EARLY 60S INWOOD ESCAPADES…
The northwestern Ohio farm town I came from boasted less than 800 residents. Inwood, as a neighborhood, and Winter Haven as a community were “the big city” by comparison.

As I finished the sixth grade, the neighborhood adventures were many. Within bike riding distance was the brand-new Westwood Junior High School, where early physical education classes amounted to walking shoulder to shoulder, clearing the athletic area of palmetto stumps and other debris. It only took an hour to get completely filthy. To the current enrollment — you’re welcome! And while I have fond memories of many of the Westwood teachers, a favorite was English teacher Hazel Miller. She admitted to loving “Mad Magazine,” earning her cult status immediately!
Down the street the Allor boys raised pigeons as did neighbor friends Frankie and Johnny Carson. We sometimes camped out near a friend’s home and when the “mosquito truck” would come by spewing a cloud of white spray … we ran behind it for fun! Since that cloud contained something like kerosene … this may not have been our best decision.

Just down 28th Street to Havendale, you’d find the “Jump n’ Jiminy” trampoline center (short-lived due to lawsuits, I’m sure) and the nearby “Dog and Suds” drivein (now thriving as Dino’s). Many Biltmore Shores kids remember stopping for 5-cent root beer on the way home from school. Several streets to the west was the Havendale Lanes bowling alley and later LaCarousel Roller Rink.
A block from my home lived a teenager several years older than me. Richard Carr became an amazing friend. A tall, lanky boy, he taught me to swim and to water ski in Lake Cannon. Though Richard was known to approach my mother outside and ask her to guess what was under his shirt … and then produce a snake (much to her dismay), my parents trusted him to look after me. He introduced me to Boy Scout Troop 559. I loved scouting, and I had three amazing Scout Masters in George Hardy, Gene Murrell, and Don Primm. Richard and I would also canoe on the lakes. I remember on one excursion we paddled to the canal between Lake Mirror and Lake Spring. At the time, none of the homes had been built behind Northgate. The Perrin Thompson citrus groves were still in place, and an old map of their property marked the south side of that canal as “The Jungle.” Amazingly we camped there by the shore of the canal (there was no seawall at the time), and you had no idea that a thriving shopping center was a stone’s throw away. Across Lake Spring from our campsite was a large neon sign with a blinking arrow pointing to the Landmark Motor Lodge, then located where Spring Lake Shopping Center is today. The sign rested atop an old boathouse, and the last time I looked, the cement pilings were still there along the shore.

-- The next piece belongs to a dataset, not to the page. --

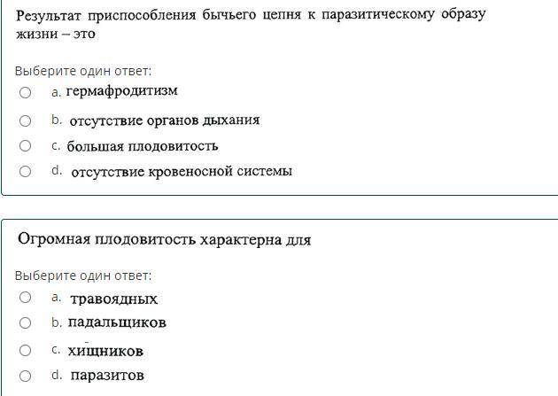 1. Результат приспособления бычьего цепня к паразитическому образу жизни — это с) большая плодовитость.

When Richard went off to high school I didn’t see as much of him. His stepfather, Henry Zibelin opened Winter Haven’s first Honda dealership on the southwest corner of Avenue G and 26th Street, NW. Henry sold a gazillion Honda 50s and larger. Before I left Westwood, I owned Richard’s red hand-me-down Honda 50.
These are just a few of the escapades I can record here without fear of legal action. We made our own “excitement” in what I remember as a simpler time with very special friends.